Hynek similarly respected Ruppelt thinking that the captain was taking the project in the right direction. When Rupplet departed the project in 1953, Hynek wrote that after that Blue Book became not much more than a public relations device, noting that little or no research was undertaken using the scientific method.

The Robertson Panel

A rash of UFO reports in 1952 caused the CIA to convene a panel of scientists under the direction of physicist Howard Percy Robertson to look into the problem. The panel met for 12 hours over the course of four days. Ruppelt, Hynek and others involved in UFO investigation presented their most interesting cases. Despite some dissenting opinions, the panel's final report stated that 90 percent of all UFO cases could be explained by meteorological, astronomical, or natural phenomena and it was likely that the last 10 percent could also if only enough time and effort were spent on investigating them. The only threat to national security posed by UFOs, the panel concluded, was that the many erroneous reports coming in from the public might overwhelm the Pentagon's communication channels and cause them to miss some real threat to the country.
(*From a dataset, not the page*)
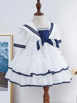 Flower Girl Dresses Navy Blue Sweetheart Neckline Tutu Dress Bow Sash Short Kids Formal Party Dress

For this reason the panel recommended that the government start a public relations campaign designed to "debunk" UFOs and remove the "aura of mystery" from them to reduce public interest. They also recommended monitoring civilian UFO groups as they thought that might be used for "subversive" purposes.

Project Blue Book was soon stripped of most of its resources and a dispirited Ruppelt left. For most of the rest of its existence under a number of directors, Blue Book acted only to debunk UFO reports rather than investigate them. For a brief period between 1958 and 1963 while Major Robert J. Friend ran the project, there was an effort to reverse this trend and become more scientific about UFO investigations, but the Major was frustrated by a limited budget and little cooperation.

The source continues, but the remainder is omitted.